画家や作品についてすでに多くの研究がされているはずなので、ここではアイデンティティについて。

多くの人の中で、「私は〇〇人です」という国籍のアイデンティティは大きいと思う。藤田氏の場合は、1910年代に渡仏、中南米を旅行しており、戦中は日本にいて、戦後アメリカに渡り、フランス国籍に変え、晩年は地方での隠居生活、スイスの病院で生涯を終えている。今でこそ海外へ行くことは簡単になったが、画家だから旅ができたと言っていいだろう。

若き頃の藤田氏のトレードマークはおかっぱ頭に丸眼鏡、ちょび髭。西洋の中での東洋のルックスをかなり意識している。欧米や白人への憧れがあるのかと思いきや、中南米では褐色や黒い肌の人たち、日本でも日焼けした沖縄の人々を、たくさん描いている。日記は日本語で残している。

晩年カトリックの洗礼を受けた後は、黒人のマリア様のお顔を全員黒人の天使が囲んでいる絵や、マリア様の横にアジアの風貌をした自身と妻を描きこんでいる絵も見られる。宗教色のある作品は、フランスではそれでも「東洋人の描くキリスト教」と受け止められたようだが、国籍は関係なく、とても自由に作品制作に取り組んでいた様子が想像できる。

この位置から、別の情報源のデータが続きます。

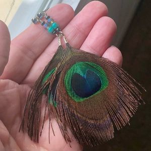 Feather starts with a blue faceted crystal stud then dangles “ to the end of the feather 3 1/4”. In between is 4 beads approximate 4 mm -two silver blue, one faced translucent clear dichroic, and a blue turquoise color.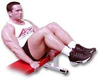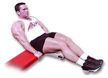 Sitt tvärsöver på en rak bänk och ta tag med händerna för stöd. Börja med att övre kroppen lutar lite bakåt och benen utsträckta.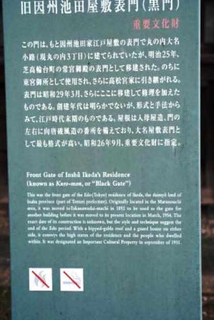 The museum complex had one admission price for all five exhibits: Honkan (Japanese Gallery), Toyokan (Asian Gallery), Heiseikan (Japanese Archaeology Gallery), Hyokeikan (example of Western-style architecture), and the Horyuji Homotsukan (Gallery of Hoyuji Treasures). While there, we visited the Honkan, then the Heiseikan, and Toyokan galleries. We ate at the Restaurant L'accord located in the Toyokan building. We then went into the Hyokeikan for a few minutes, went by the Kuromon (The Black Gate) that used to adorn the main Edo residence of the Ikeda family, and went through the Horyuji Homotsukan.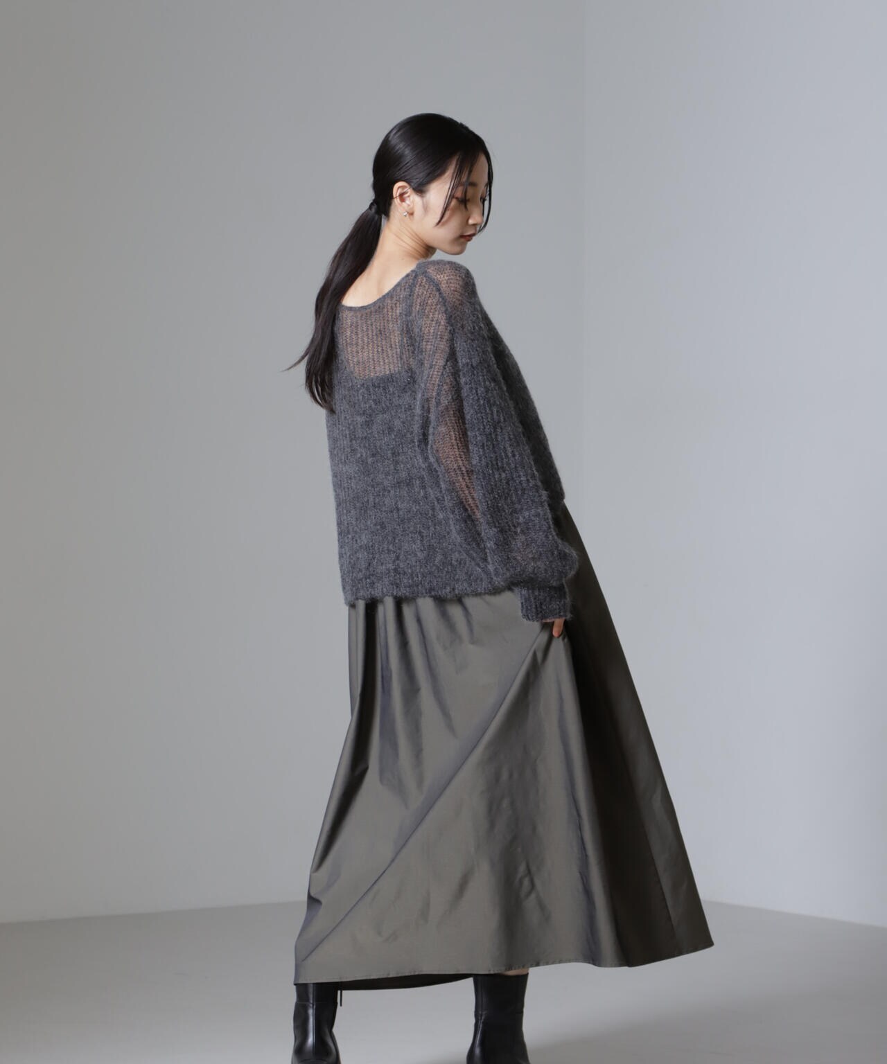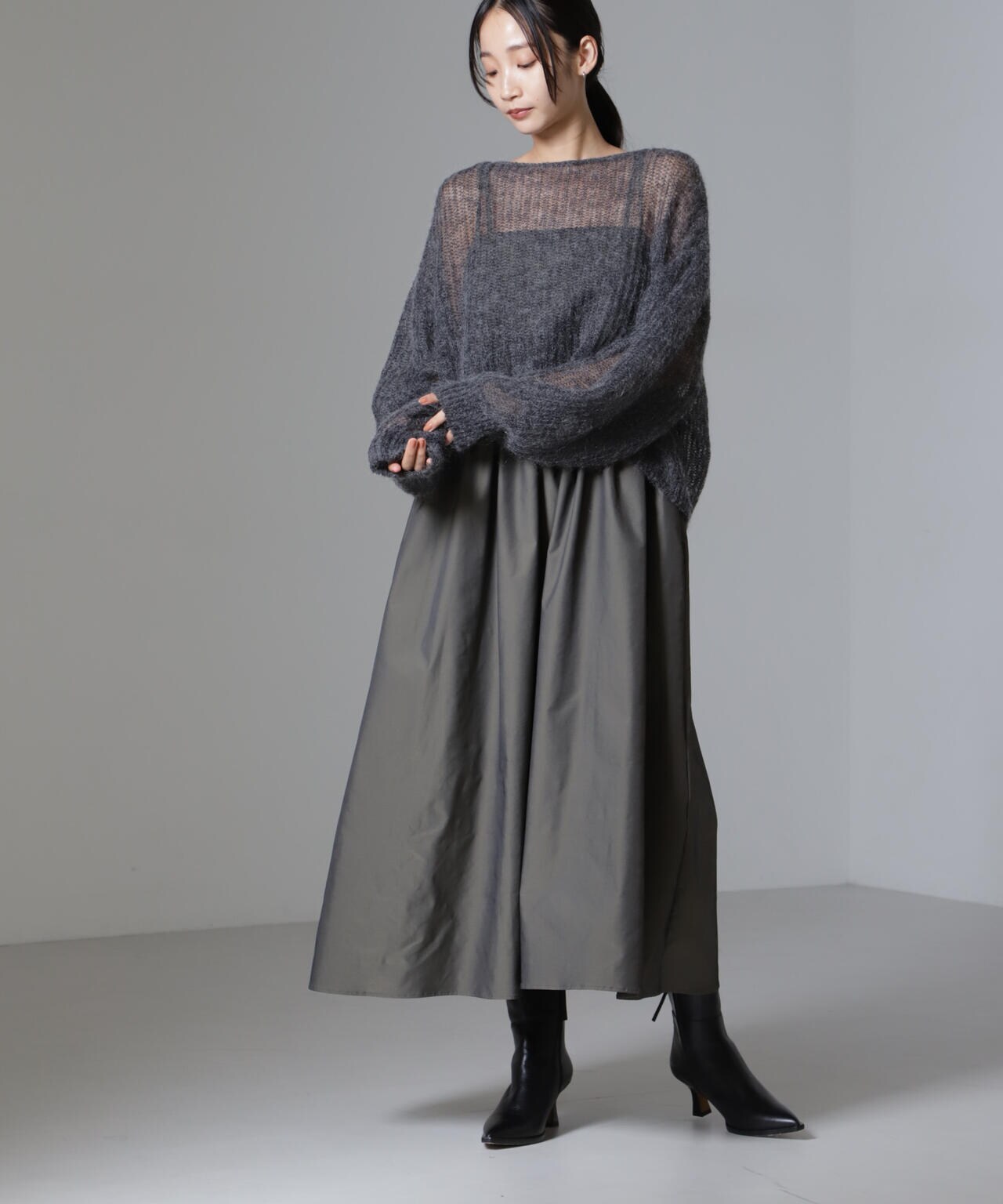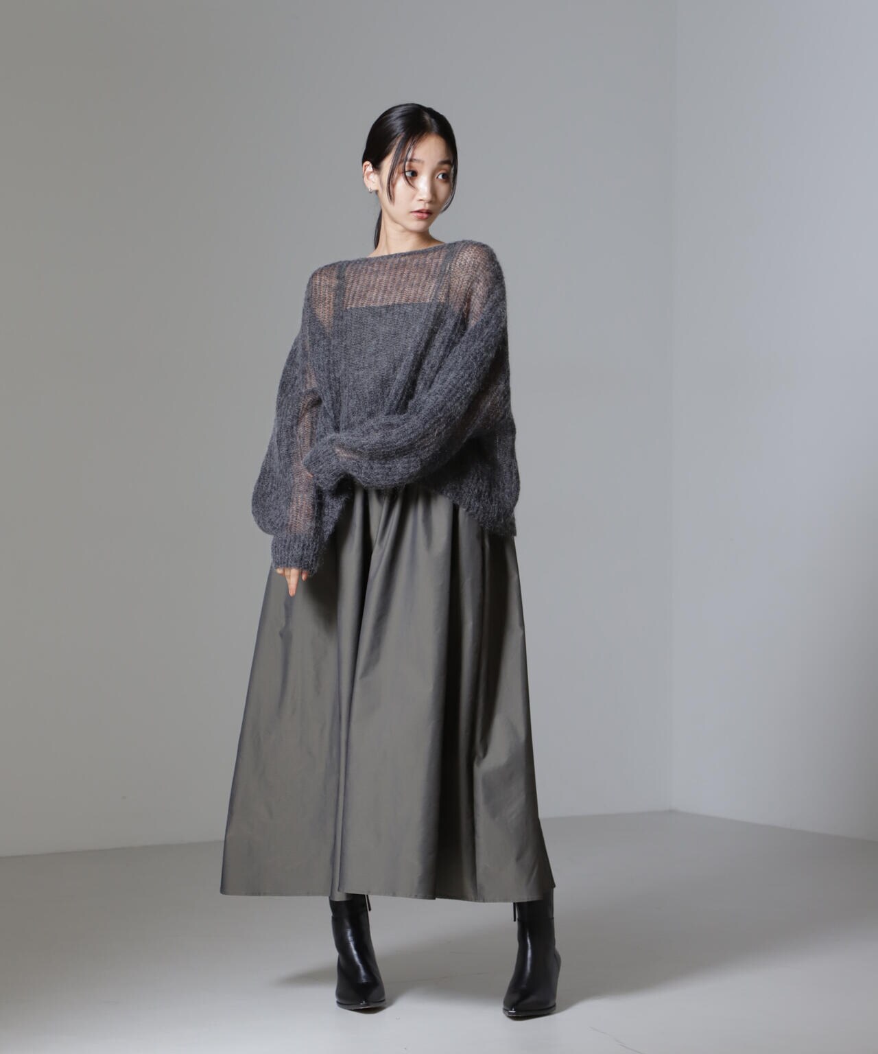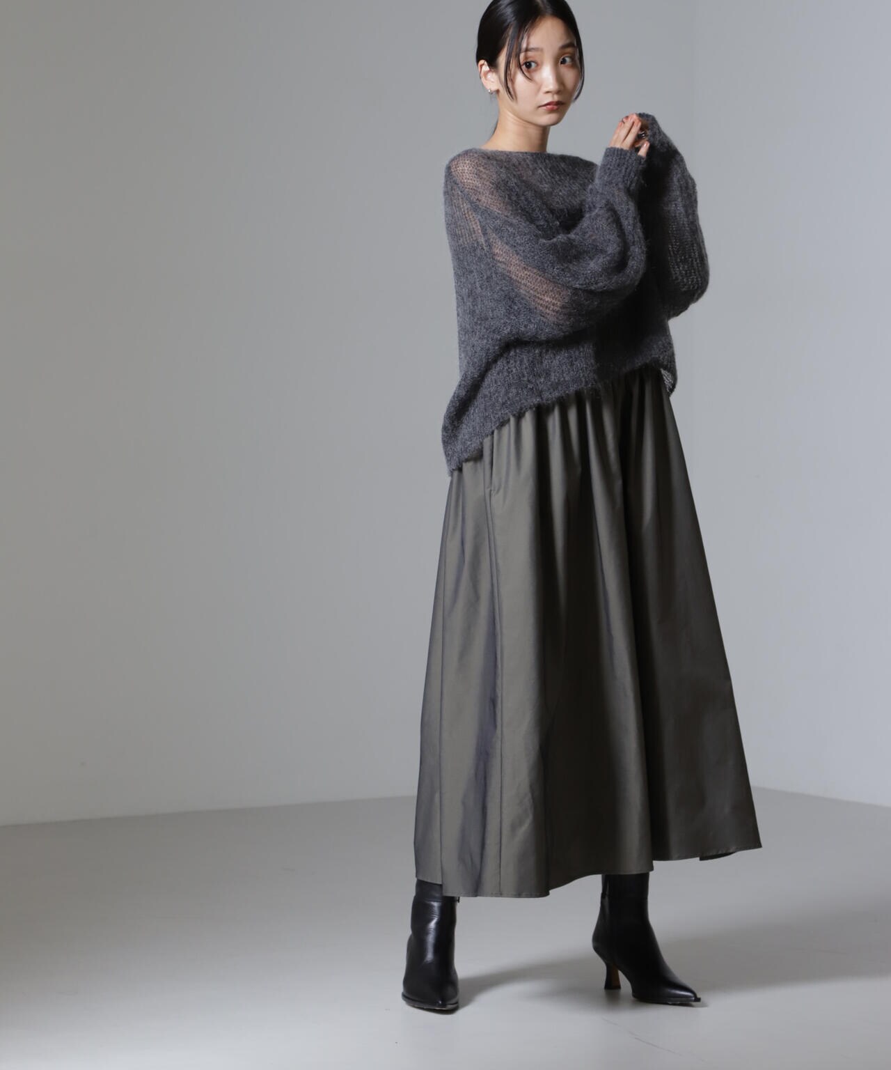 ・冬はざっくりニットを上から着ることでスカートのみ見せるスタイリングもオススメ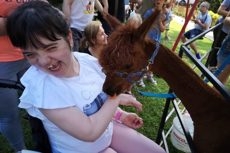 W ubiegłym tygodniu, podczas kolejnego spotkania w ramach projektu odwiedziły nas alpaki. Są to zwierzęta hodowlane, bardzo łagodne. W trakcie alpakoterapii nasi wychowankowie otrzymali wiele informacji na ich temat. Mogli je karmić, głaskać i wyprowadzać na spacer, co pozytywnie wpływa na rozwój sfery emocjonalnej i poznawczej. Tak bliskie obcowanie z alpakami sprawiło im wiele radości.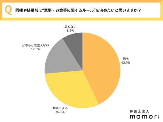 結婚や同棲を前に、家事やお金のルールを決めたいと考える人が一定数いることから、多くのカップルが生活を始める前に将来の不安や摩擦を意識していることが分かります。これは恋愛感情だけで生活が成り立つのではなく、日常の細かい調整や責任の分担が重要であるという現実的な視点が、若年層でも広く浸透していることを示しています。加えて、ルールの必要性を感じつつも決めきれない人がいることは、心理的な抵抗や相手への遠慮が存在することを示唆しており、意識の高さと行動のギャップが課題であると言えます。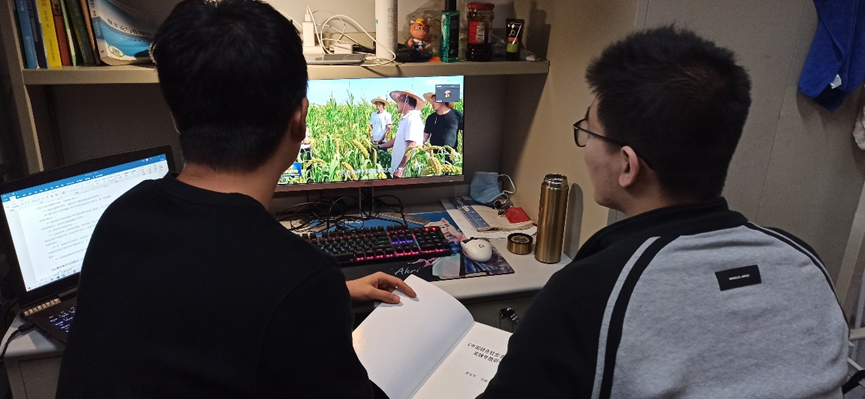 研究生党员在宿舍收看学习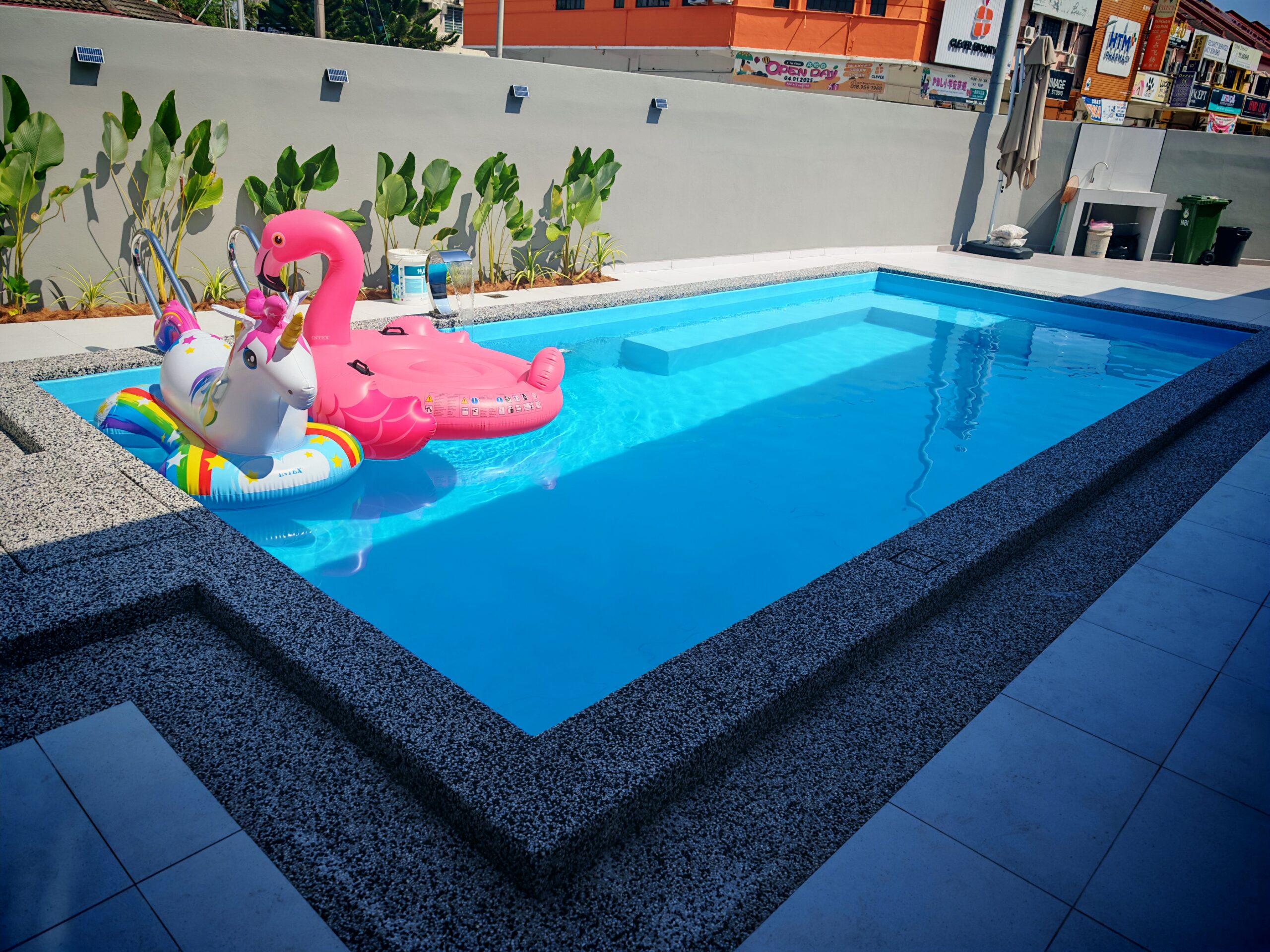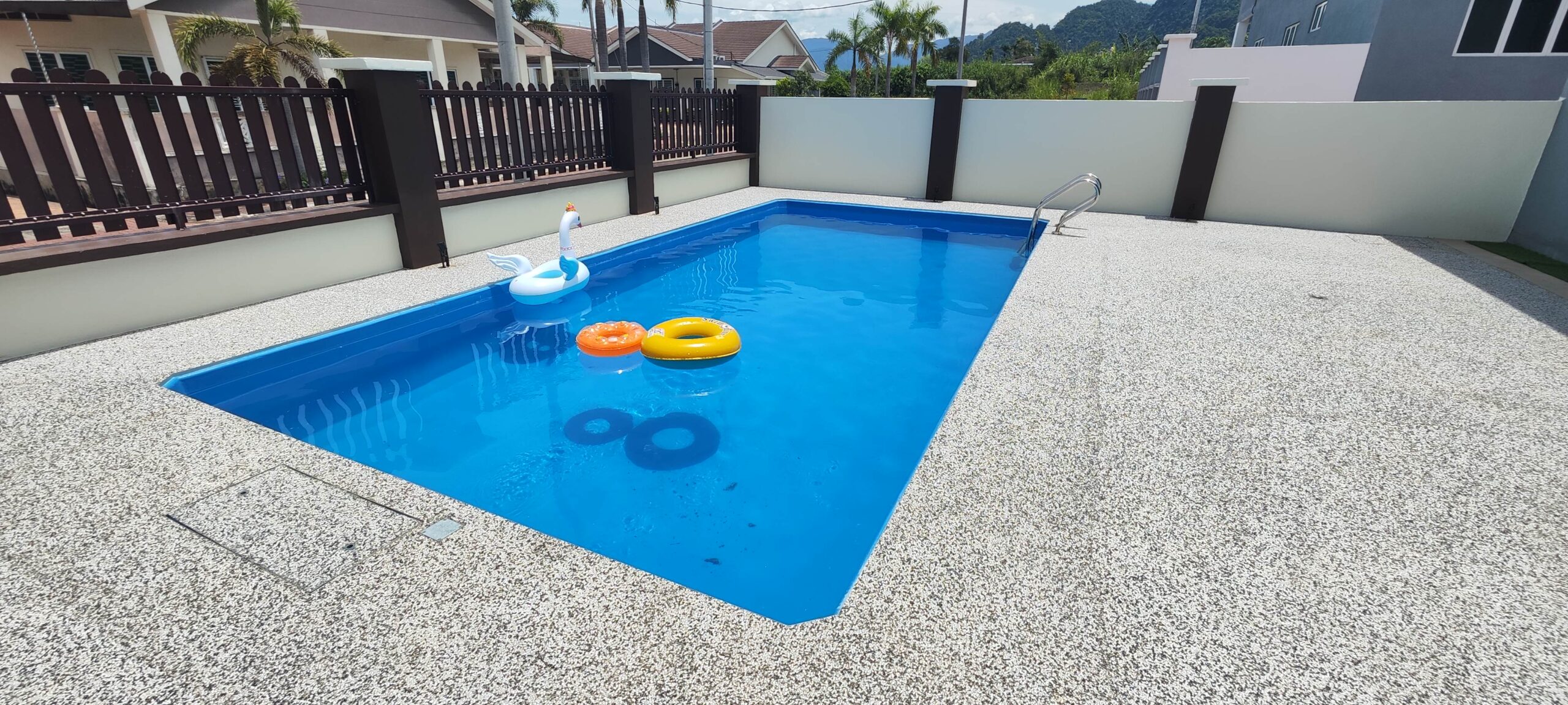 We just delivered this premium fiberglass pool straight from our Ipoh factory. It is now sitting perfectly inside an actual Malaysian backyard.
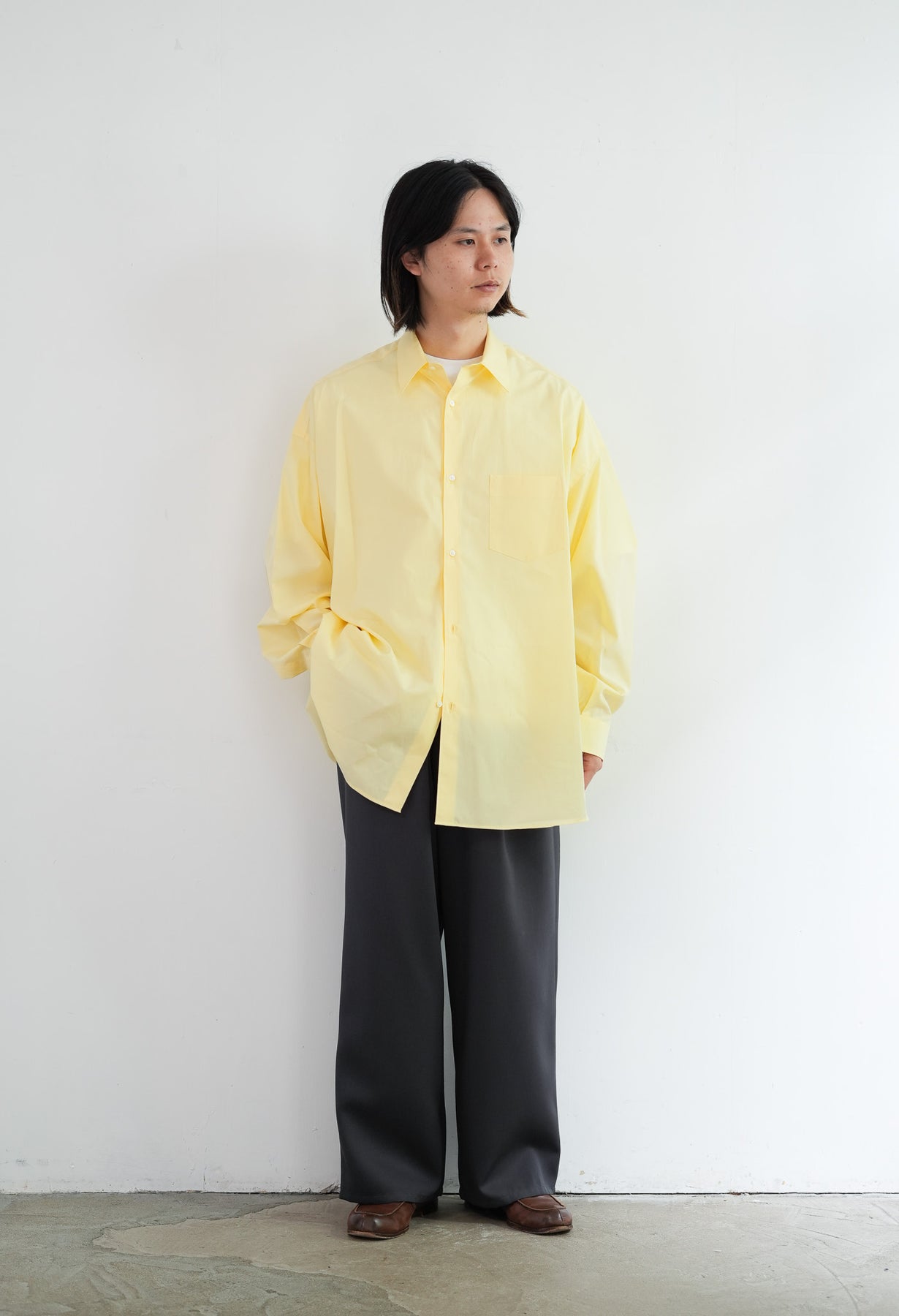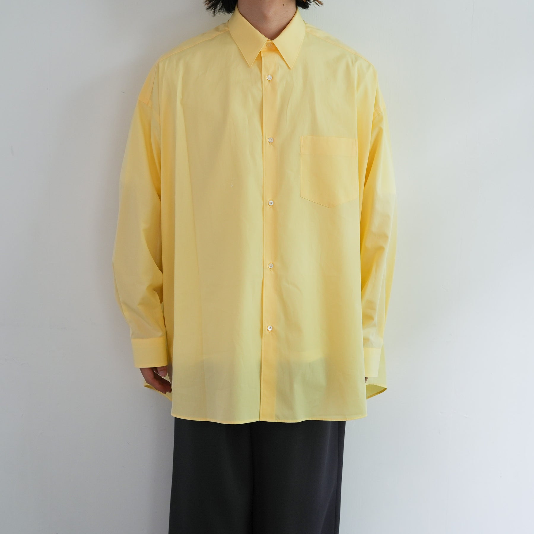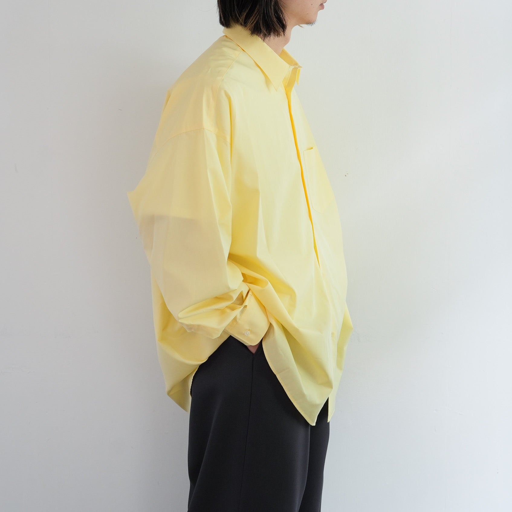 1918年創業、スイスの老舗ファブリックメーカーALUMOとのダブルネームで仕立てた特別なシャツ。世界中のテーラーやメゾンに支持される最高峰の生地は、世界でも0.3%しか到達しない超希少なコットンを使用し、澄んだスイスの軟水で丁寧に仕上げることで、柔らかくもしっかりとしたハリのある極上の風合いに。そのALUMOファブリックを、Graphpaper 定番のオーバーサイズレギュラーカラーシャツに落とし込みました。ドロップショルダーとボリュームのあるボックスシルエットが特徴でオーセンティックな襟型はそのままに、素材が持つしなやかさと程よいハリ感が着用時の心地よさを一段と引き立て日常に自然と馴染む仕上がりに。

黒田氏は国に特徴づけたり収められたりできるような作風もなく、むしろ時期によってここまで色使いがちがうかというまでの作品の変遷が見られている。黒田氏を黒田氏たらしめたものが国籍ではないのは明らかで、彼を形容するには「芸術家」という言葉が一番しっくり来る。フランス政府、のちに日本政府からも受勲しているが、明らかに国の枠組みを超えた、世界のフジタ、と思える。開催は2018年10月8日(月・祝)まで。